After House Republicans abandoned their years-long opposition to expansion, the lower chamber included it in its proposed budget. In the Senate, though, GOP lawmakers have not softened their stance. Outlets report on Medicaid news out of Kansas and Montana, as well.
The Washington Post:
Va. House Budget Includes Medicaid Expansion; Senate Version Does Not
Virginia’s House and Senate on Thursday approved starkly different state budget plans, one flush enough for teacher raises, expanded health care and more financial aid for college students, the other filled with painful cuts.
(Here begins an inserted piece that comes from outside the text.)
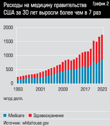 Программа Medicare была открыта в 1965 году как федеральная программа медицинского страхования для людей в возрасте от 65 лет и молодых людей с ограниченными возможностями. В 2022 году Medicare предоставила медицинскую страховку 65 млн человек, а их расходы, которые подлежали возмещению, превысили 900 млрд долларов. Нужно отметить, что доля Medicare в расходах федерального бюджета с годами становится все внушительнее: в 1986 году, через двадцать лет после начала действия программы, она составляла 7% от расходов, в 1996-м уже 11%, а к 2024 году доросла до 14%.
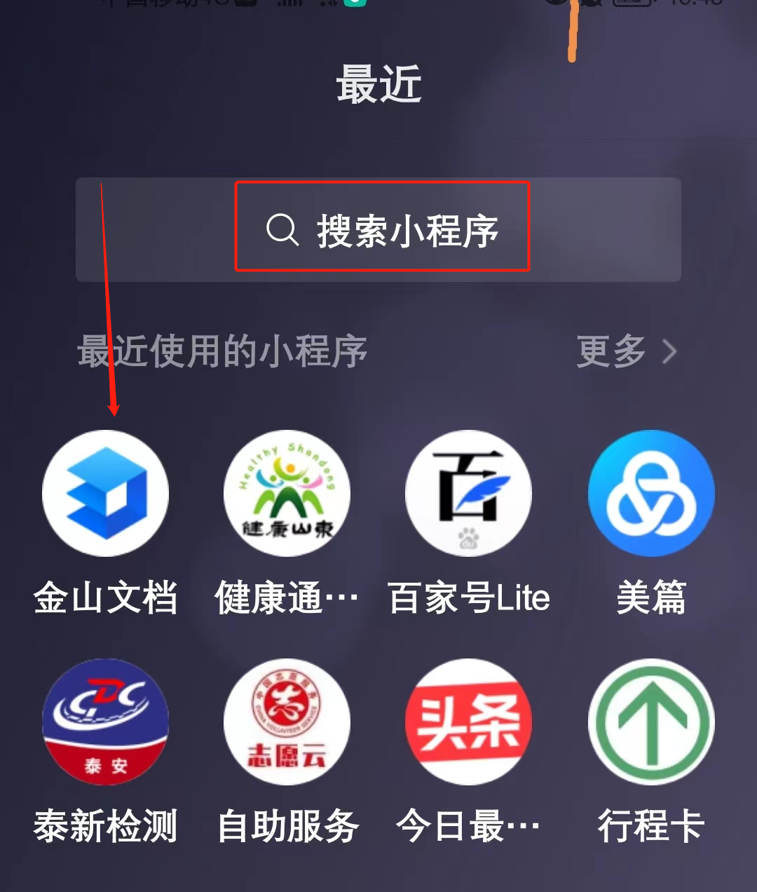 3、打开手机微信,下拉或在发现页找到小程序,如果最近打开过金山文档,在列表中直接点击金山文档,如果列表中没有,请搜索找到金山文档小程序。

The difference boiled down to Medicaid expansion. More than a dozen House Republicans abandoned their long-standing opposition to expansion, teaming up with Democrats to include it in their two-year spending plan, which would take effect July 1. (Vozzella and Schneider, 2/22)
The Associated Press:
GOP-Led Push For Medicaid Expansion Faces Roadblocks
Even with new support from key GOP leaders, Medicaid expansion in Virginia still faces serious roadblocks. That includes a fierce intraparty squabble among Republicans and strong disagreement among expansion supporters on how to pay for it — divisions that were on full display Thursday. The GOP-controlled House voted with a bipartisan majority for a budget that includes Medicaid expansion with work requirements, copays and new hospital taxes. The Republican-controlled Senate voted along party lines against including Medicaid expansion in its budget. (Suderman, 2/22)
Kansas City Star:
KanCare Eligibility A Maze For Kansas Seniors In Need Of Care
Advocates for elderly Kansans say a number of changes the state made to streamline the Medicaid application and renewal process have actually created a maze that seniors are getting lost in. In 2015, Kansas moved to a new computer system for applying for Kansas Medicaid, or KanCare. Then it funneled applications and annual reviews that used to be handled in regional offices into a single “KanCare Clearinghouse” in Topeka. It contracted with a company called Maximus to staff the Clearinghouse starting in 2016. (Marso, 2/22)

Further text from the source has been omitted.